■ WORK TASK ■
Please repeat, exactly as written, the line containing "C'è un filo" and every line after it through the end of the records below, leaving out any pictures.

■ TASK INPUTS ■
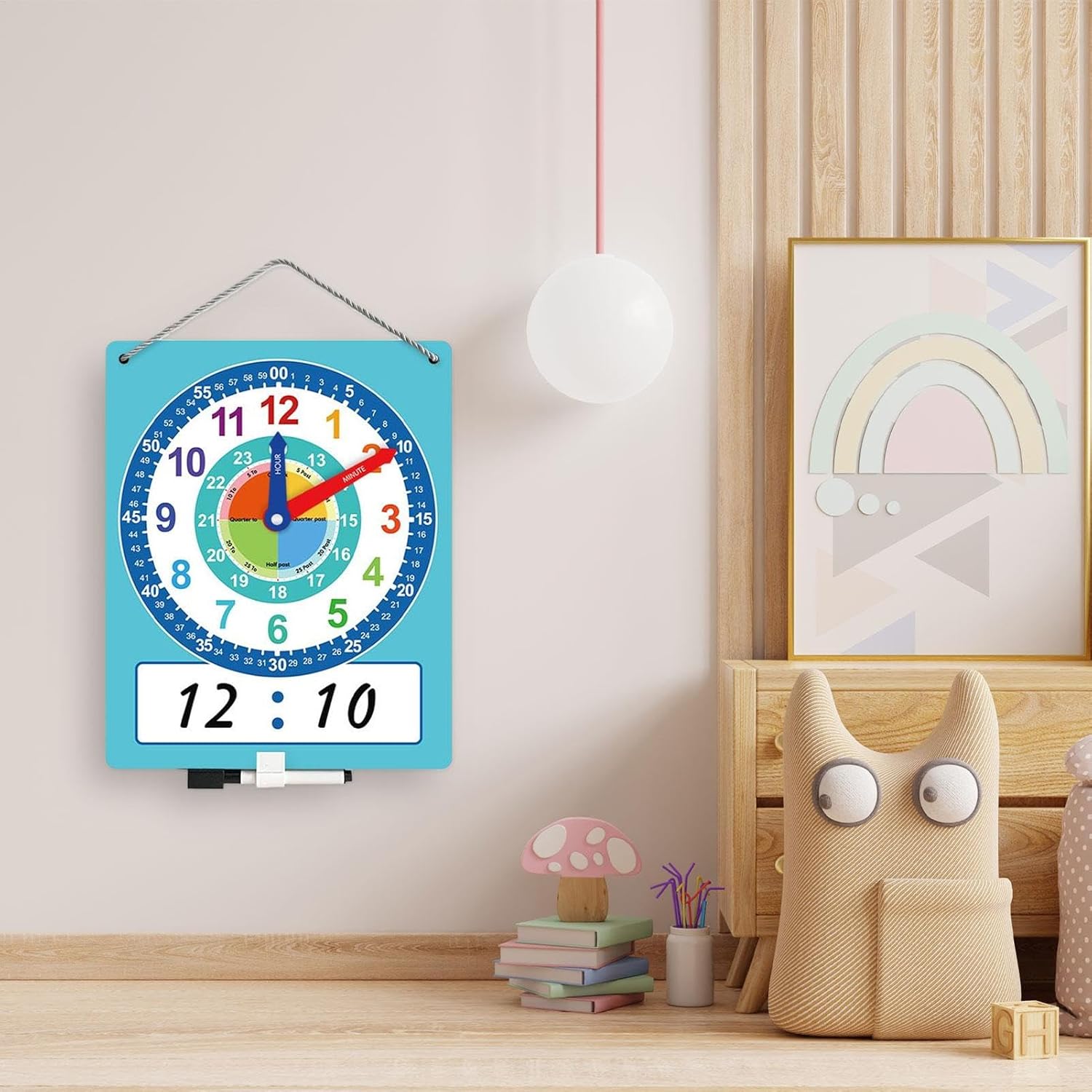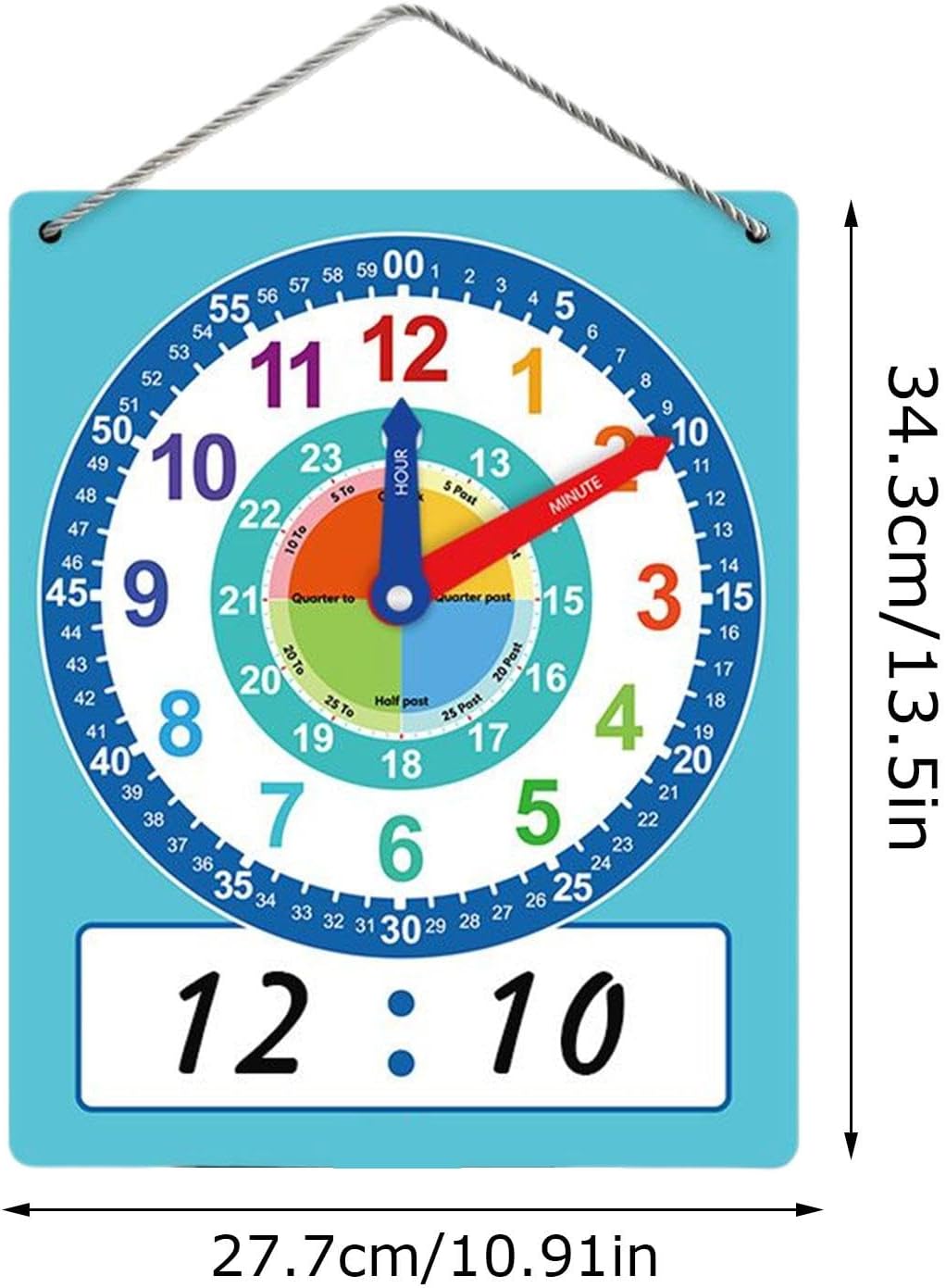 【Robusto strumento di apprendimento】 Con una robusta struttura in cartone, questo orologio didattico è progettato per interrompere e incoraggiare l'impegno attivo nello sviluppo delle prime capacità cognitive Display fronte-retro: con display fronte-retro, comoda tabella di riferimento e facile visibilità da più angolazioni - ideale per praticare il tempo di lettura in modo efficiente 【Migliora il monitoraggio del tempo】 Il design dell'orologio interattivo con ore, minuti, secondi e indicazioni orarie etichettate facilita la capacità dei bambini di comprendere l'ora in modo accurato e completo
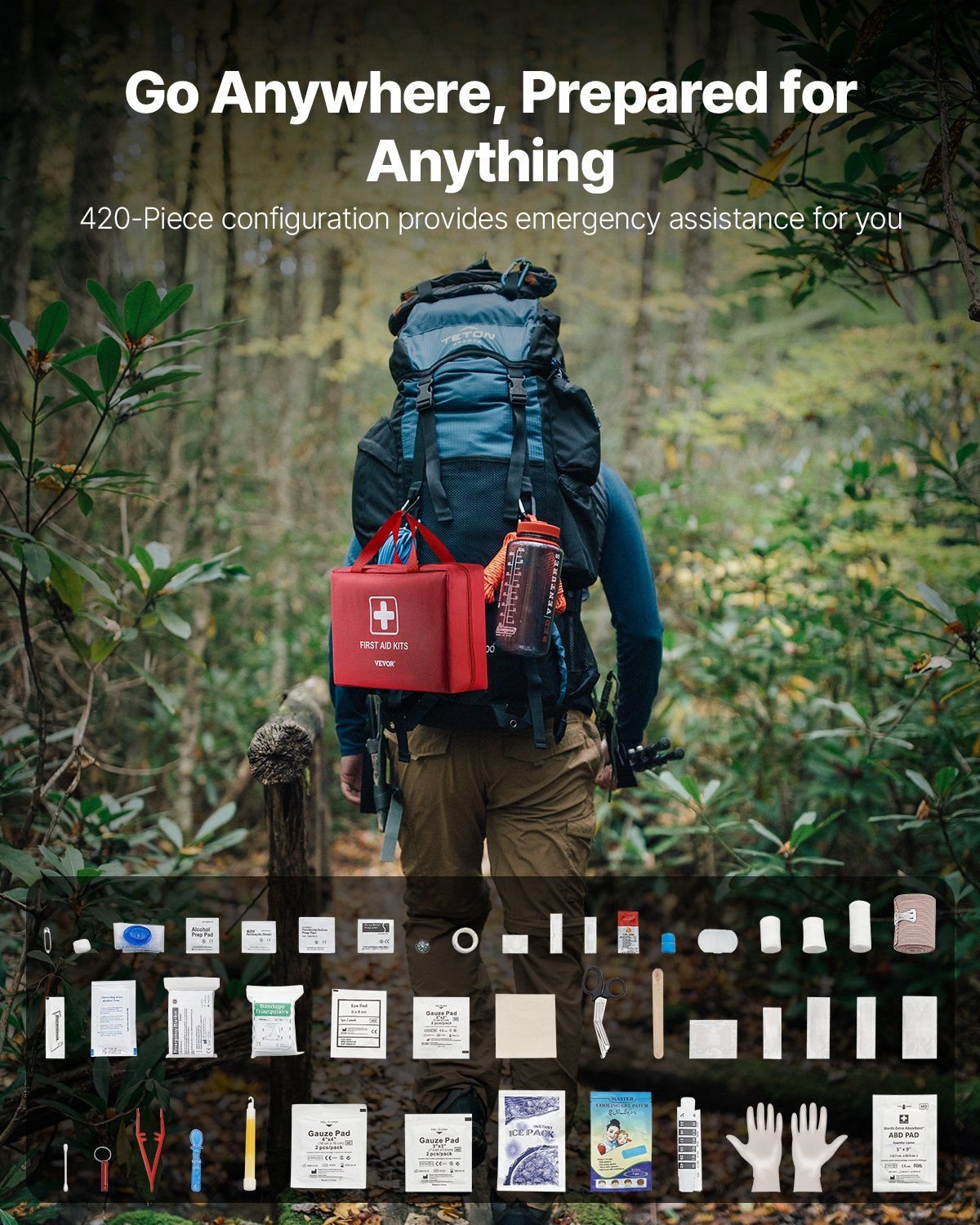 VEVOR First Aid Kit, 420 Pieces, 600D Nylon Large Survival First Aid Bag, Emergency Medical Supplies, for Home, Car, Office, Travel, Camping, Truck VEVOR First Aid Kit, 420 Pieces, 600D Nylon Large Survival First Aid Bag, Emergency Medical Supplies, for Home, Car, Office, Travel, Camping, Truck VEVOR First Aid Kit, 420 Pieces, 600D Nylon Large Survival First Aid Bag, Emergency Medical Supplies, for Home, Car, Office, Travel, Camping, Truck
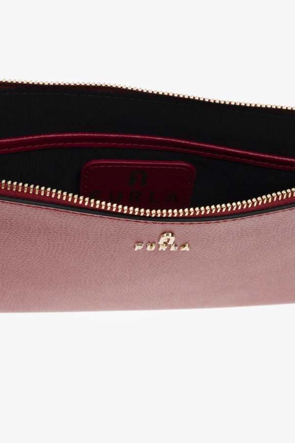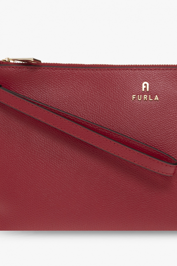 Red ‘Camelia Small’ handbag from Furla. Made of leather, this model features a zip fastening, metal logo appliqué, wrist strap, gold-tone metal hardware and one internal compartment with one slip pocket and six card slots.
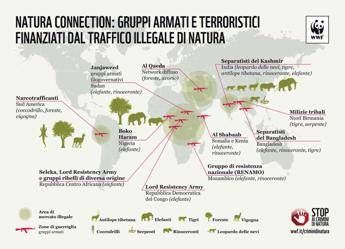 C'è un filo rosso che collega il terrorismo e i gruppi armati ai crimini di natura, primo fra tutti il commercio di specie selvatiche, il cosiddetto “wildlife trade”, che diventa per queste formazioni una fonte di finanziamento. Dai separatisti del Bangladesh affiliati di Al Qaeda al Lord Resistence Army, gruppo ribelle di guerriglia di matrice cristiana che opera principalmente nel nord dell'Uganda, nel Sudan del Sud, nella Repubblica Democratica del Congo e nella Repubblica Centrafricana; da Al Shabaab alla stessa Al-Quaeda.
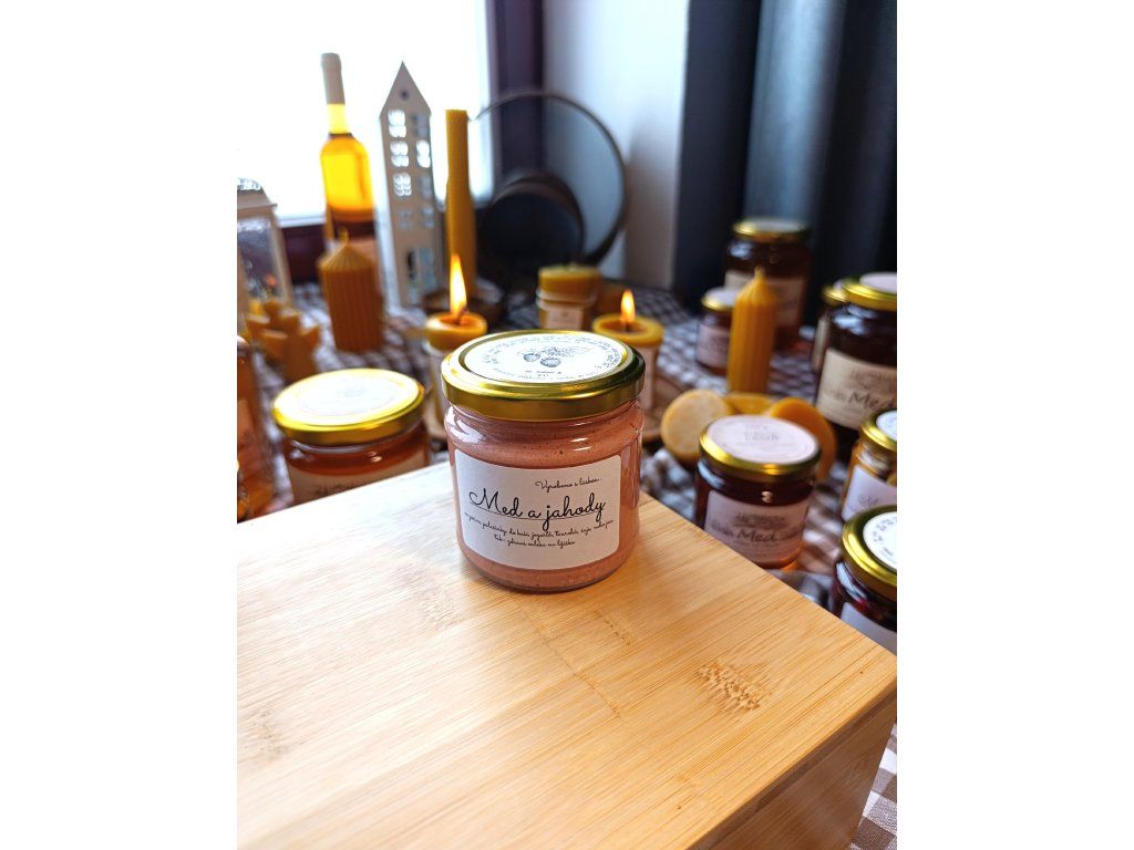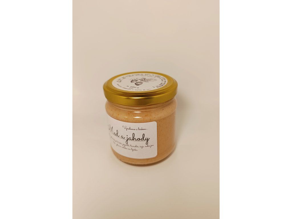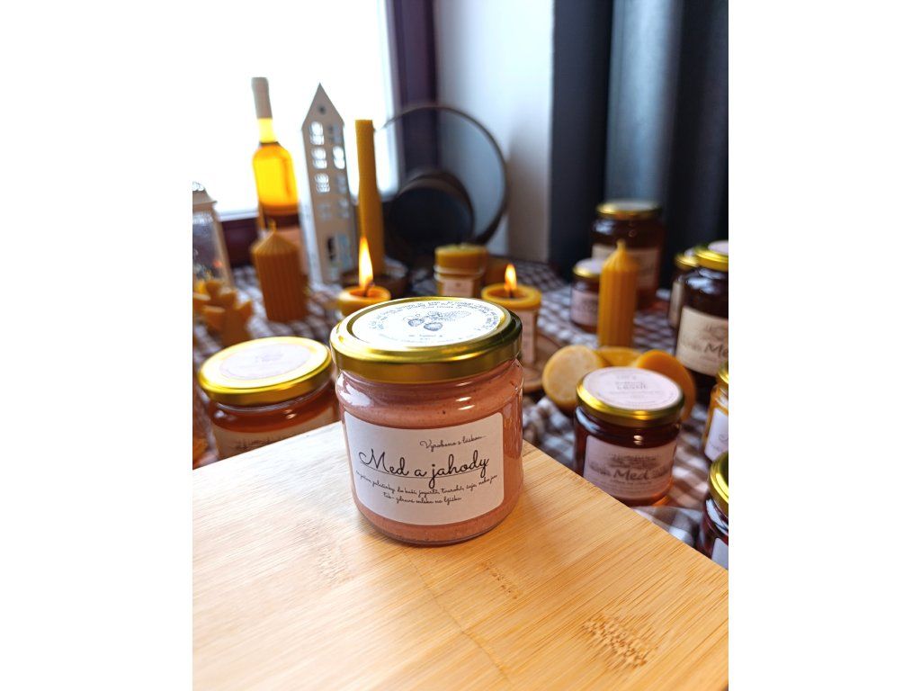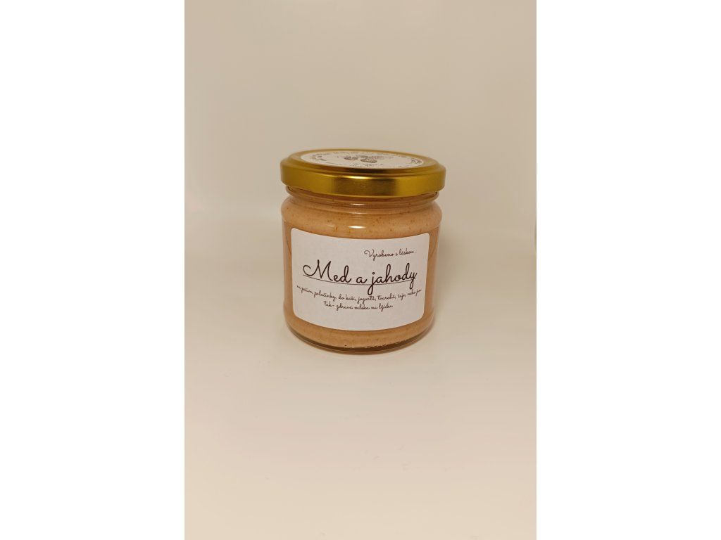 Med s jahodami vzniká spojením našeho pastovaného medu a lyofilizovaných jahod -sušených mrazem. Základem je 95 % medu doplněného o 5 % ovoce, které si díky šetrnému zpracování zachovává svou plnou chuť, barvu i aroma.
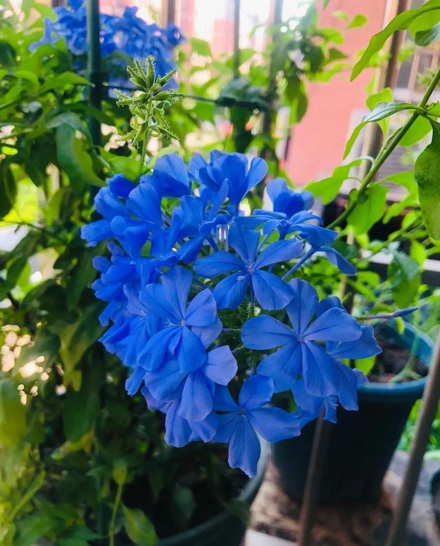 每天早上醒来的第一件事是刷牙洗漱,喝一杯温开水,然后就猫进阳台里为蓝雪花修剪施肥浇水,整个人被一阳台的蓝雪花簇拥着包围着,一天的好心情便从此刻出发。

■ RESPONSE BOX ■
 C'è un filo rosso che collega il terrorismo e i gruppi armati ai crimini di natura, primo fra tutti il commercio di specie selvatiche, il cosiddetto “wildlife trade”, che diventa per queste formazioni una fonte di finanziamento. Dai separatisti del Bangladesh affiliati di Al Qaeda al Lord Resistence Army, gruppo ribelle di guerriglia di matrice cristiana che opera principalmente nel nord dell'Uganda, nel Sudan del Sud, nella Repubblica Democratica del Congo e nella Repubblica Centrafricana; da Al Shabaab alla stessa Al-Quaeda.
 Med s jahodami vzniká spojením našeho pastovaného medu a lyofilizovaných jahod -sušených mrazem. Základem je 95 % medu doplněného o 5 % ovoce, které si díky šetrnému zpracování zachovává svou plnou chuť, barvu i aroma.
 每天早上醒来的第一件事是刷牙洗漱,喝一杯温开水,然后就猫进阳台里为蓝雪花修剪施肥浇水,整个人被一阳台的蓝雪花簇拥着包围着,一天的好心情便从此刻出发。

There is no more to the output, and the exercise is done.